Imagine a technique that could, in the space of a week help you crush that fear of speaking in public, or perhaps you suffer from a stutter and it turns out that with the right therapy it could be cured.

These are -- as is usually the case in the field of neuroscience -- just dreams at the moment. The team know they're the blunt instrument, crushing through the ground and laying the foundations.

"FMRI gives you really nice spatial information, good information about the anatomy, which parts of the brain are active or lighting up as you do these tasks. It’s really poor with respect to time. All the signals are coming through the blood flow, whereas neuronal activity is happening in a matter of milliseconds," says Devlin.
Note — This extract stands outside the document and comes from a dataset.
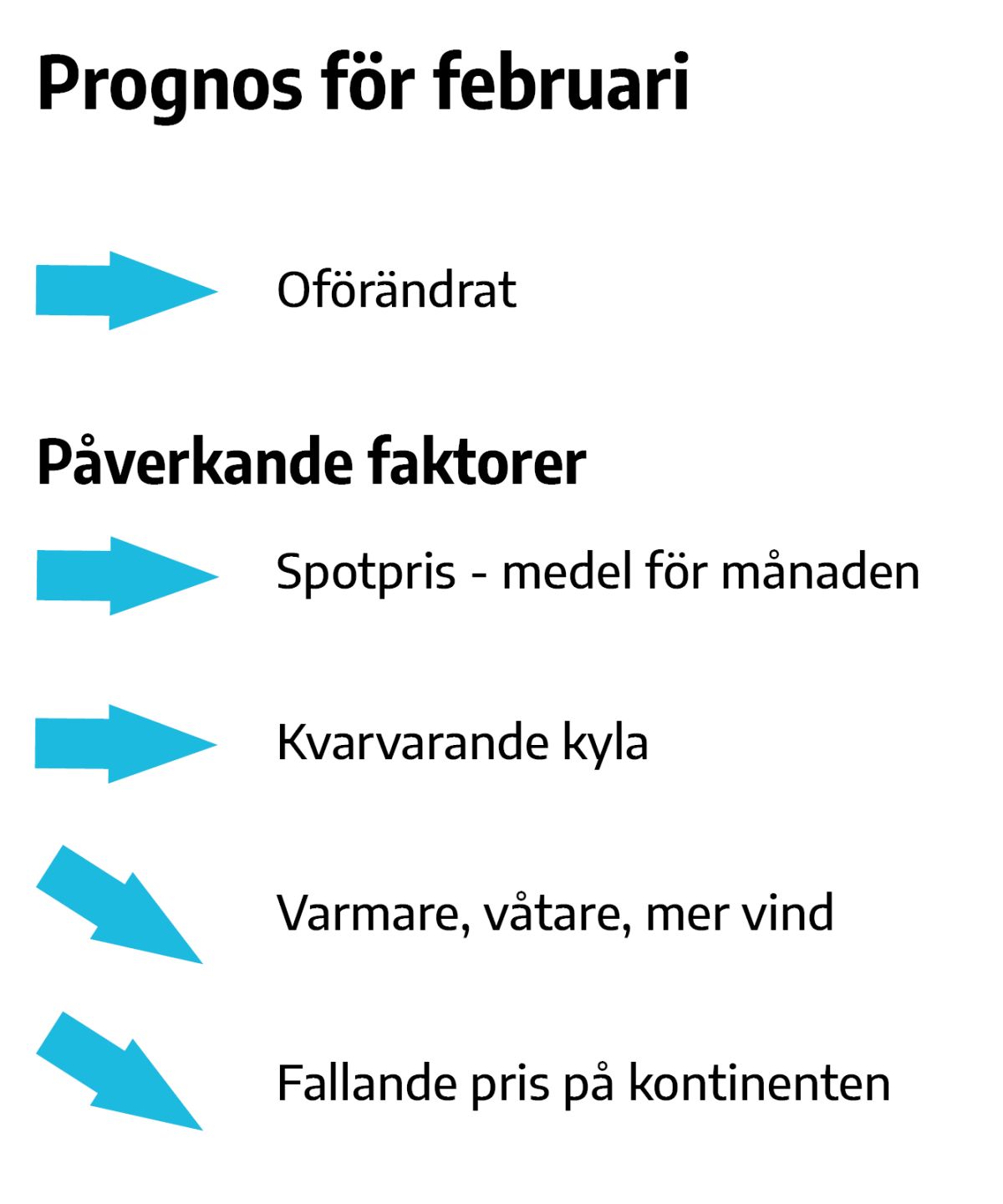 Eftersom början av februari var dyr väntas snittpriset för månaden hamna ungefär i samma nivå som i januari. Trots det blir elräkningen lägre för många, helt enkelt för att februari bara har 28 dagar, tre färre än januari.

What they can do though is see the broader strokes. By putting the grey cells under such strain the team are painting a picture with bright colours; the more activity, the more 'noise' there is, the easier it'll be to measure brain activity.
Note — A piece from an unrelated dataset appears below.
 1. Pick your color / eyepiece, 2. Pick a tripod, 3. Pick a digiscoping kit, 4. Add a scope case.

So far the team have used famous comedians but they hope to add politicians and barristers into the fold as well as academics, journalists (yours truly) and of course members of the general public.
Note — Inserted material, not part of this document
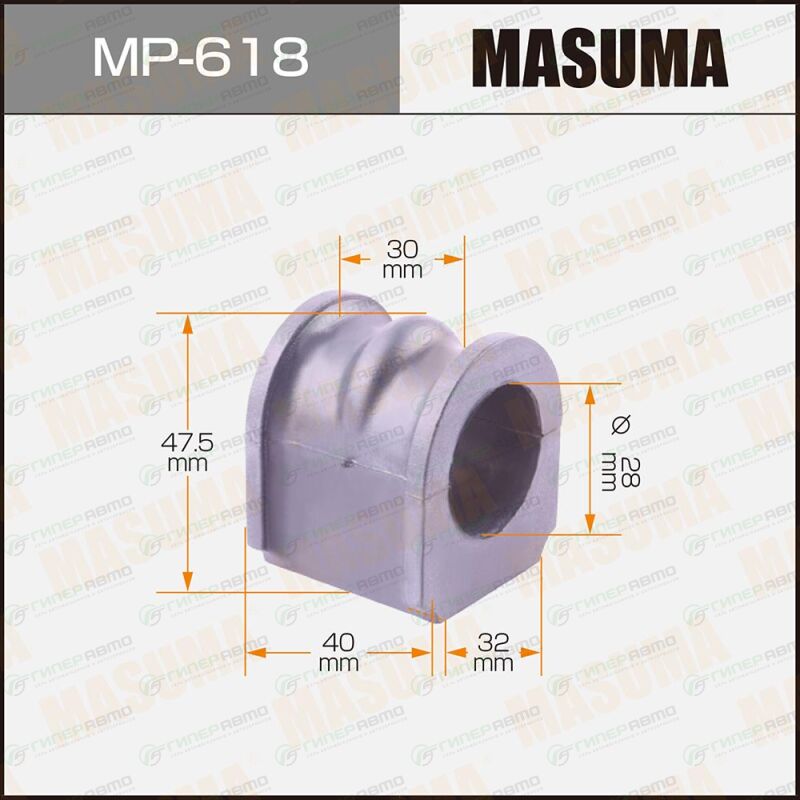 Вы можете купить втулка стабилизатора masuma, арт. mp-618 в интернет-магазине втулок подвески Гиперавто. Цена на MASUMA MP-618, описание, характеристики и фотографии.

The experiment will be finished in March at which point the team will look at the findings and submit them for publishing.

Devlin admits that more could be done, but that at the moment, technology is working against them.

"At the moment the best we can do is put someone into an FMRI scanner, take them out and then put them into an MEG scanner and basically do the same experiment which really isn’t the same. It’s not the same as doing it all at once, ultimately I suspect that somebody’s going to come up with something much cleverer than FMRI that’s going to make this seem like we’re hunting with bow and arrows."

Until then however they're going to have to make do with MRI, and me. How did I do? Well after a lucky start my performance took a nosedive in the second round, and I'm now struggling say anything of consequence about the third. It has reached the point where I'm almost looking at myself in third-person, desperately talking about anything and nothing all in the name of making sure I never once make the noise 'Errr'.

For the team my grumbling rambles were probably nothing more than mildly entertaining, instead the real show starts when the scans are complete and the trawling begins, searching for a pattern of sparks that show actually, it's not just luck.